[DATA SEGMENT]
--- START ---
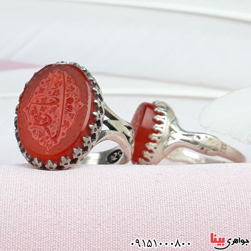 انگشتر عقیق قرمز ست خطی با حکاکی یا علی و یا زهرا _کد:32257
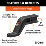 The CURT Industrial Duty ball mount features a 3" x 3" shank to fit heavy-duty 3" trailer hitches. The solid, forged steel construction and I-beam shape supply the necessary strength to complement these larger trailer hitches, and the ball mount has a highly durable carbide powder coat finish for long-lasting rust resistance. To ensure maximum towing power, this ball mount is rated for 21,000 lbs. GTW and 2,800 lbs. TW. The 21K GTW rating is fully tested to at our Detroit engineering facility. This ball mount also offers a rise of 6" and drop of 8" to accommodate larger, lifted pickup trucks, allowing for level towing of the trailer. It also has a 1-1/4" trailer ball hole to accept a heavy-duty trailer ball.
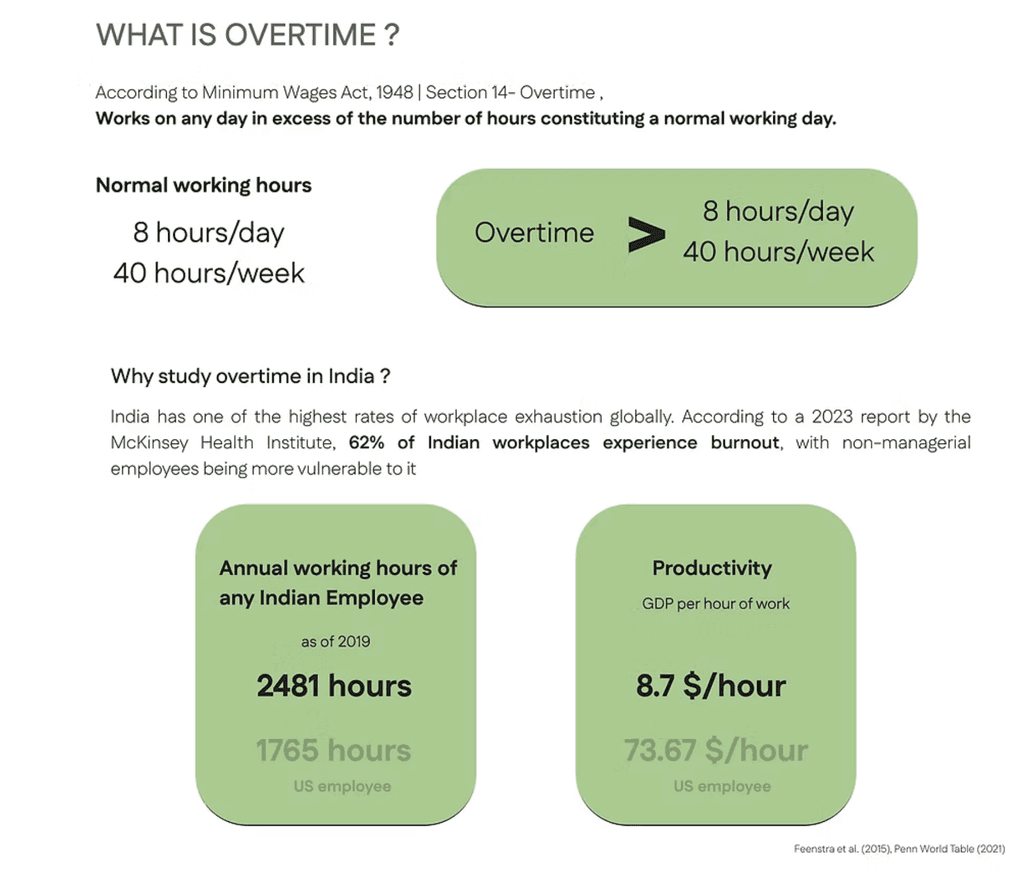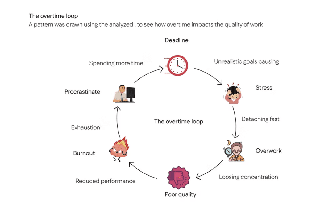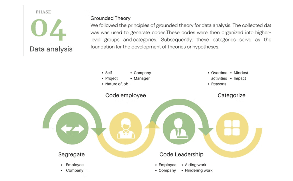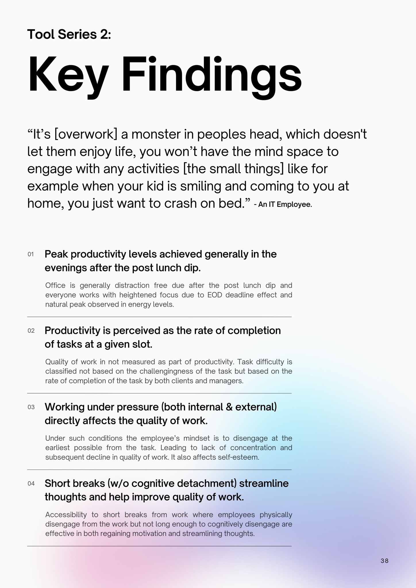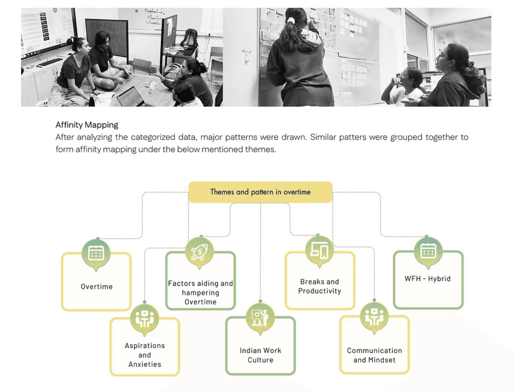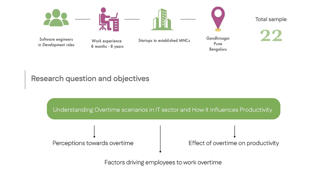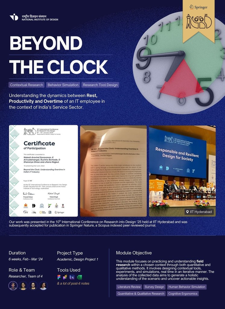 The objective of this study is to holistically develop an understanding on why employees actively engage in overtime and the impact it has on both the em ployee and the organization. The study employs a design led qualitative research approach by utilizing a series of creative tools such as story simulations, specu lative activity simulation, productivity mapping, scenario recollection, love-hate letter and bingo, which are spread across 5 phases. By developing a systemic understanding of overtime culture in the Indian IT context, the study captures how overtime is a double-edged sword and is driven by both the employees and the organization due to lack of a nuanced understanding.
--- END ---
[INSTRUCTIONS FOR THE TASK]
Without the pictures, return the listing above from its first line through the line that has "The CURT Industrial".

[EXPECTED ANSWER]
 انگشتر عقیق قرمز ست خطی با حکاکی یا علی و یا زهرا _کد:32257
 The CURT Industrial Duty ball mount features a 3" x 3" shank to fit heavy-duty 3" trailer hitches. The solid, forged steel construction and I-beam shape supply the necessary strength to complement these larger trailer hitches, and the ball mount has a highly durable carbide powder coat finish for long-lasting rust resistance. To ensure maximum towing power, this ball mount is rated for 21,000 lbs. GTW and 2,800 lbs. TW. The 21K GTW rating is fully tested to at our Detroit engineering facility. This ball mount also offers a rise of 6" and drop of 8" to accommodate larger, lifted pickup trucks, allowing for level towing of the trailer. It also has a 1-1/4" trailer ball hole to accept a heavy-duty trailer ball.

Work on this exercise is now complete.